L’Organisation internationale pour les migrations (OIM), dont le siège est à Genève, traverse une période difficile. Face à une réduction significative de ses financements, notamment en raison du retrait d’une partie de l’aide américaine, l’agence se voit contrainte de supprimer au moins 20 % de ses effectifs, soit environ 200 emplois.
Une série de coupes budgétaires qui inquiète
Cette nouvelle vague de licenciements intervient alors que l’OIM avait déjà supprimé près de 3 000 postes liés à son programme de réinstallation des réfugiés aux États-Unis. L’arrêt brutal de ce programme, décidé par l’administration du président Donald Trump, a fortement fragilisé l’organisation. Aujourd’hui, la tension est palpable au sein du personnel.
Un employé, sous couvert d’anonymat, évoque une “atmosphère pesante”, décrivant des scènes où certains collègues, convoqués pour un entretien de licenciement de quelques minutes, ressortaient en larmes.
Une restructuration justifiée par “l’efficacité opérationnelle”
L’OIM n’a pas confirmé officiellement l’ampleur des licenciements. Toutefois, un porte-parole de l’organisation a admis que des “ajustements nécessaires” étaient en cours afin d’adapter l’agence à un budget plus restreint. Il a insisté sur la volonté de préserver les missions essentielles de l’OIM tout en cherchant des gains d’efficacité.

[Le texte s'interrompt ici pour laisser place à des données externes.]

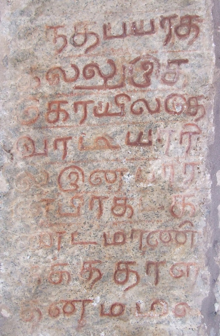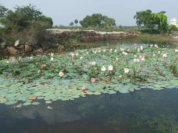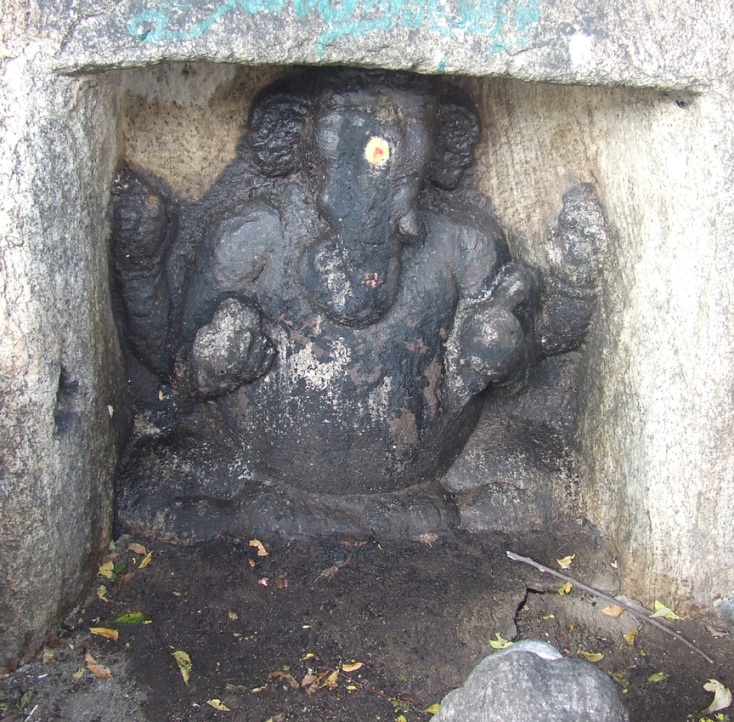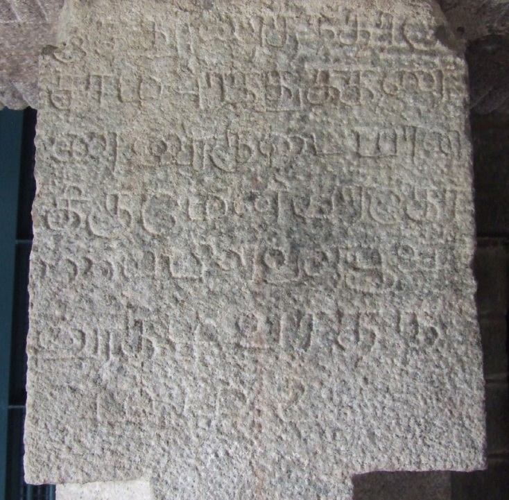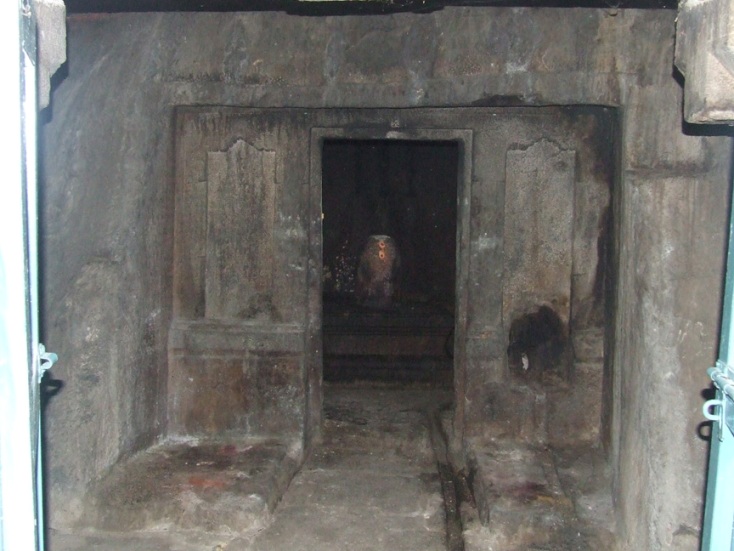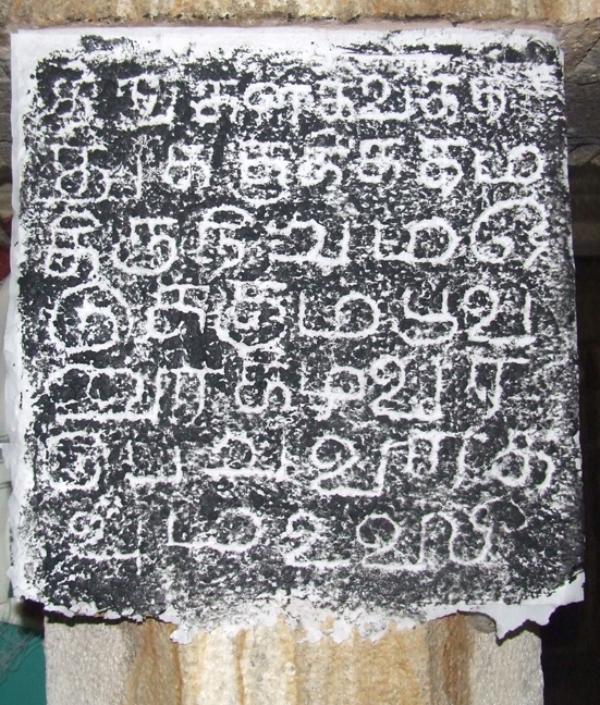 Poovalaikkudi lies in Pudukkottai-Ponnamaravathi route, nearly one and half kilometers from Vaiyapuri. The site is inaccessible as it lies in the midst of the barren land shrouded by thorny bushes and shrubs. One has to ride through the bushes or to walk on the one way track to reach the site.1 Thanks to ASI for laying a mud track and fencing the monument. Few low level hillocks and boulders are scattered around this uninhabited area and the rock cut shrine is scooped on a centrally lying hillock on its eastern precipice.2 It is the nucleus around which various structural shrines mushroomed in the later period. ![]() THE TEMPLE COMPLEX The temple complex consists of a rock-cut shrine with structural mandapas in the front, and three other structural shrines surrounding it. To its south lies the shrine for Goddess Sundaravalli and to its north on the summit of the rock boulder is the shrine of Subrahmanya facing east and on the north east lie the shrine of Bhairava facing south. A bas-relief sculpture of Ganesa is cut on the southern precipice of the central hillock. The rock-cut water tank found on the west and the lotus pond on the north add serenity to the place. The main temple consists of a rock cut shrine, a mukhamandapa, a mahamandapa, an open pillared mandapa and a nandhi mandapa all arranged consecutively facing east. Above the rock cut shrine on the hillock a newly constructed two tier structure with griva and shikara are seen. The temple is rich in inscriptions dating from the 8th century A.D. to 17th century A.D. The inscriptions mention the deity as Poovalaikkudi Thevar and Poovalaikkudi Udaya Nayanar, but at present the deity is known as Pushpavaneswarar. The earliest known inscription of the temple complex is the one found at the lintel of the rock cut shrine entrance, gives us the information that it was scooped by Bhuti Kalari alias Amarundri Muttaraiya.3 ![]() INSCRIPTION IN THE MANDAPA ROOF The open pillared mandapa has in the front four rows of pillars with three in each row. The pillars are decorated as three squares with kattu in the middle. Idaikattu, nagabandhas are the other additional decorative features of the pillars. The potikas are angular with vettu. Stone slabs are arranged to form the roof of the mandapa and finished have cement plastering on the top. Some of the squares of the pillars are ornamented with miniatures and medallions. Inscriptions belonging to 16th century AD are found on some of the roof slabs, pillars, and potikas.4 In front of the open pillared mandapa is the nandi placed in a small mandapa facing the central shrine and a balitala. ![]() A MINIATURE The front mandapa leads to the inner mandapas which consists of a maha mandapa and a mukha mandapa. The entrance to the maha mandapa is seen both on the south and the east. The inscription on the lintel of the eastern entrance speaks about the donor.5 Both the mandapas have a common wall structure with padabandha adhishthana, wall sectioned by brahmakanta pilasters. Vettu potikas above the pilasters hold the prastara. The roof is covered with stone slabs. The tala ends with bhumidesa. ![]() INSCRIPTION IN THE PILLAR Inside, the pillars of the mandapas are with the components of three squares and kattu in between. The potikas are vettu which extend it limbs to bear the prastara, stone slabs are arranged to cover the roof of the mandapa. The inscriptions on pillars, roof, potikas attests its existence in the 14th century A.D.6 On the northern side of the mandapa, the mother rock extends inside and forming part of the wall for few yards. The extended portion is sculpted as an pitha and formed as a platform with iron grill enclosure above it. On the southwestern edge of the platform a small rock cut linga is formed at its foot. On the north-west corner of the maha mandapa another platform is formed with closed provision where a small Ganesa is placed inside. A sculpture of Ganesa is also seen near the entrance to the mukha mandapa. Adjoining the third row of pillars a structural wall sections the two mandapas where in its center the entrance to the mukha mandapa is formed. The jambs and the lintel of the entrance are decorated as padma petals and also possess inscription of the donor.7 Inside the mukha mandapa two pillars are seen. The roof slabs of the mandapa are rested on the mother rock above the kapota at a height of .58mts. ![]() THE ROCK-CUT SHRINE The rock cut cave is a shrine cell with extension of mother rock as roof, floor and side walls in its front. Due to the sloppy and inclined nature of the mother rock the front extension is tapering upwards. The floor in front of the sanctum is .11mts above the mandapa floor and in its center the floor is cut as a pathway to the sanctum. The floor extension to the north of the pathway is .89mts in east west and .59mts in north south direction, whereas the same on the south is .75mts in east west and .74mts in north south directions. The side walls in front of the shrine cell extends 1.43mts and .74mts in the bottommost and .62mts and .12mts in the topmost in the north and south respectively. The anterior wall of the sanctum is 2.25mts width, sectioned by four pilasters. An aperture is formed between the middle pilasters to a height of 1.50mts and to a width of .75mts forming the entrance to the sanctum. The space between the pilasters on either side of the sanctum is formed as niches. An attempt of adhisthana is seen on either side of the sanctum front wall. Jagati is formed to a height of .43mts and followed by octagonal kumuda and kampa. The pilasters that raise above the kampa are square, kattu, square and the kattu is long comparing the squares. The angular potikas that rest above the pilasters are single limbed extending inside forming a vaulted roof for the niches. Such narrow vaulted niche is seen in Malayakkoil sanctum wall. Two tarangas are shown at the base and two in the angular section, the intersecting wave is extended as a contour scro

Selon d’anciens employés, certains départements entiers auraient été supprimés, les contrats à durée déterminée ne seraient pas renouvelés en juin, et les postes juniors seraient les plus exposés aux suppressions.
Des employés en colère
L’OIM, qui intervient auprès de plus de 280 millions de migrants à travers le monde, dépend en grande partie des financements volontaires de ses donateurs. Avec le désengagement des États-Unis, qui représentaient plus de 40 % de son budget annuel, l’agence se retrouve dans une situation précaire.
La directrice générale de l’OIM, Amy Pope, a reconnu la difficulté de ces décisions : “Nous devons faire des choix douloureux, car nous ne pouvons pas maintenir des postes sans financements suffisants”, a-t-elle expliqué récemment.
Cette déclaration n’a pas suffi à apaiser la frustration des employés. Une vidéo circulant en interne, montrant Amy Pope en train de danser avec des équipes au Guatemala pendant que les licenciements sont annoncés, a suscité une vague de colère au sein de l’organisation. “Elle danse pendant que nous perdons nos emplois !”, s’indigne un employé.
L’avenir de l’OIM reste incertain, et ces suppressions de postes pourraient n’être qu’un premier signal des défis financiers à venir pour l’agence.